Les libertés d’expression et de réunion pacifique, comme tous les droits protégés par nos chartes, peuvent être limitées dans certaines circonstances.
À titre d’exemple, la Cour suprême a jugé constitutionnelle la disposition du Code criminel pénalisant la propagande haineuse, même si cette infraction porte atteinte à la liberté d’expression. En effet, elle a estimé que l’impératif social consistant à prévenir les effets néfastes de la propagande haineuse sur les personnes ciblées était très important et justifiait de limiter ainsi la liberté d’expression. Bref, de telles restrictions sont autorisées par les chartes canadienne et québécoise si elles sont raisonnables et justifiées dans une société libre et démocratique.
La Cour suprême a élaboré en 1986 un test détaillé dans la décision R c. Oakes. Une atteinte à un droit ou à une liberté pourra être jugée justifiée si l’objectif poursuivi par le législateur est urgent et réel dans une société libre et démocratique, et si le moyen choisi, soit la mesure restrictive, est bien conçu pour atteindre cet objectif. C’est à l’État, dans ce cas-ci les autorités municipales, que revient le fardeau de prouver que l’atteinte est justifiée. La Cour suprême exige une preuve « forte et persuasive » et répète souvent que de vagues généralisations ne suffisent pas.

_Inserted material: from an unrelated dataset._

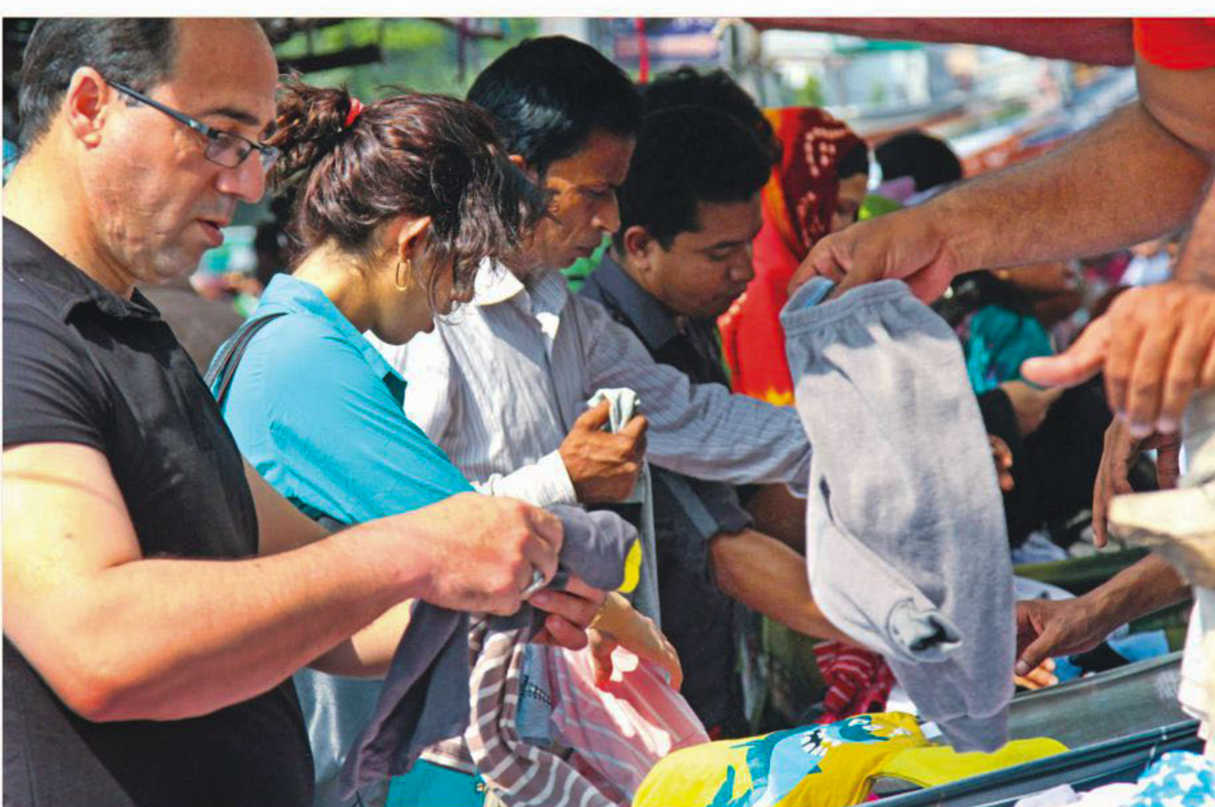
Customers busy buying goods from roadside shops on the footpath of Mirpur Road in the capital yesterday despite an ongoing hartal enforced by Jamaat-e-Islami. The photo was taken opposite Dhaka College.

Les éléments que les autorités doivent prouver à cette étape sont les suivants :
- L’objectif de la restriction se rapporte à des préoccupations urgentes et réelles dans une société libre et démocratique.

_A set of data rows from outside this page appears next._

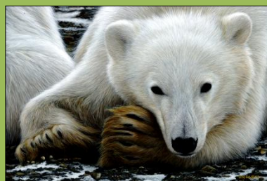
Spirit of Little Bear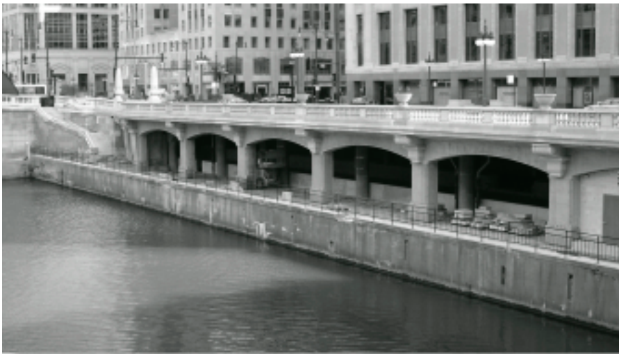
High performance concrete was used to provide a minimum service life of 75 years.

by additional mixing, or by stopping the truck's drum completely for a time. However, the HPC on this project seemed reluctant to release entrained air regardless of these, or any other techniques. It was believed that the four cementitious materials made for a very sticky mix and the entrained air was unable to escape from the cementitious materials. This problem persisted throughout the project, and was the primary cause of rejected concrete.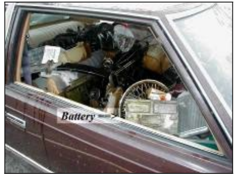
Prohibited: Lead-acid battery left in a vehicle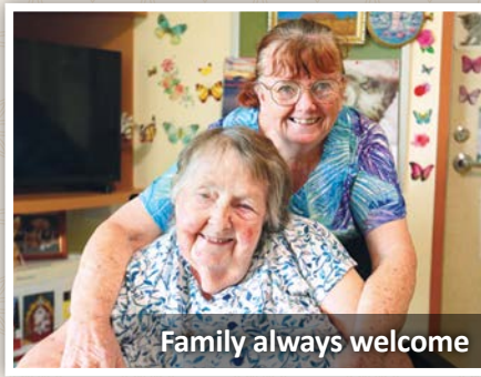
Family always welcome

- Le moyen choisi est raisonnable et justifié. Ce critère de proportionnalité comprend trois volets :
- La mesure adoptée n’est ni arbitraire, ni inéquitable, ni irrationnelle;
- La mesure adoptée est celle qui porte le moins atteinte aux droits;
- Les effets bénéfiques de la mesure sont plus importants que ses effets préjudiciables.
La Cour d’appel dans l'arrêt Bérubé a établi que ce test doit être appliqué de façon particulièrement rigoureuse quand la liberté d’expression est en jeu, en raison de son « importance sociale et [de sa] fonction privilégiée comme instrument et pilier de l’ordre démocratique » (paras 78-80). Il en va de même pour la liberté de réunion pacifique. Ainsi, si un doute persiste à savoir si la restriction est justifiée, les tribunaux doivent conclure en faveur de ces libertés.